Well, Hong Kong proved a disappointment. At least as far as my visa situation is concerned. I left Hong Kong last night, having failed to secure a 60-day tourist visa. This does not mean that my application was rejected; it means that the office could not give me an answer in a timely fashion, and I chose to return to Taiwan.
The best I could get out of the office was that "no reply" had been received from immigration in Taipei regarding my application. Apparently, the fact that I had applied and been turned down in New York raised red flags. Who knows how this will sort itself out?
Tuesday, on what is supposed to be my day off, I am going in to my school's head office in Taipei to talk to the two principals of Shane, Mark and Dave. I had several telephone conversations back and forth with Dave yesterday from Hong Kong; the only light he could shed on the situation was that he had never seen a case like mine, not in 11 years in the field. "Everybody" gets a visa, I'm told; sometimes not for the full 60 days, but at least more than a 30-day landing visa.
I will make clear at this meeting that I am unwilling to pay any more money for visa applications. I have already shelled out over $200 just in application fees, not to mention the costs of my plane ticket to Hong Kong and two nights in a hostel. I have done everything that is ordinarily required to obtain a visa. I will also make clear that I refuse to apply for anything other than a real residency visa going forward.
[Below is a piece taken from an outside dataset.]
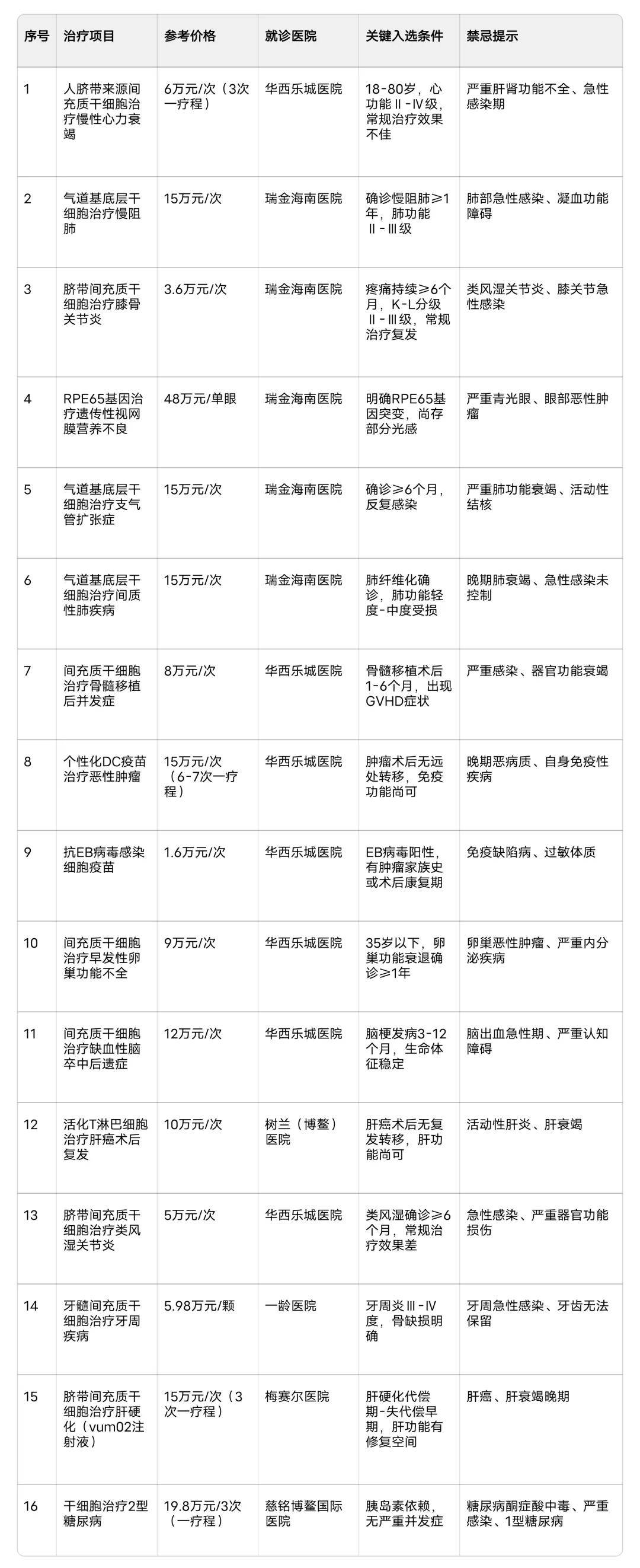 截至目前,博鳌乐城累计批复16项新生物技术治疗(含15项已公示+第16项糖尿病干细胞),覆盖肿瘤、慢性病、遗传病等疾病,具体治疗项目如下:

Eve and Ruby still do not have their operating license, which prevented my applying for a proper residency visa this time around; if they don't have it by December, when I am supposed to go back for another visa run, I will request my wages, compensation for my flight in, and a plane ticket home. I am no longer willing to persist in lying to the Taiwanese government over something that is neither immoral nor illegal in Taiwan--teaching English.
Anyway...Ruby called my cell phone at 10:30 this morning to see what had happened and to find out where I was. I had e-mailed Eve last night that I was coming home, but either she didn't get the e-mail or she failed to communicate with Ruby. I got a little testy with her, as I had just gotten in at 1:00 that morning and was still very tired. She proceeded to ask a bunch of questions about why my application had failed again--questions to which I have no answer--and made a point of telling me to come in early Monday as I have a new class.
This is just so typical of Ruby. She just jumps all over me all the time. The day I landed in the country, having just been on airplanes for over 20 hours, she "couldn't wait" for me to meet Eve. The afternoon I returned from training in Taipei, very bedraggled and disoriented from having gotten a little lost in Taipei Main Station coming home, I stopped by the school, only to have her tell me she absolutely needed my CELTA certificate (which I had already told her three times had not been issued to me) that minute. It could have waited until Monday. Calling me about my schedule could have waited another day, until I'd had time to collect myself.
Homesickness is starting to set in. I'm starting to realize how many ESL programs there are in the States that I could get into. I could get into this field back home and not have to worry about visa applications and my legal right to be where I am.
Ah well...enough grousing. Time for a more positive post on Hong Kong.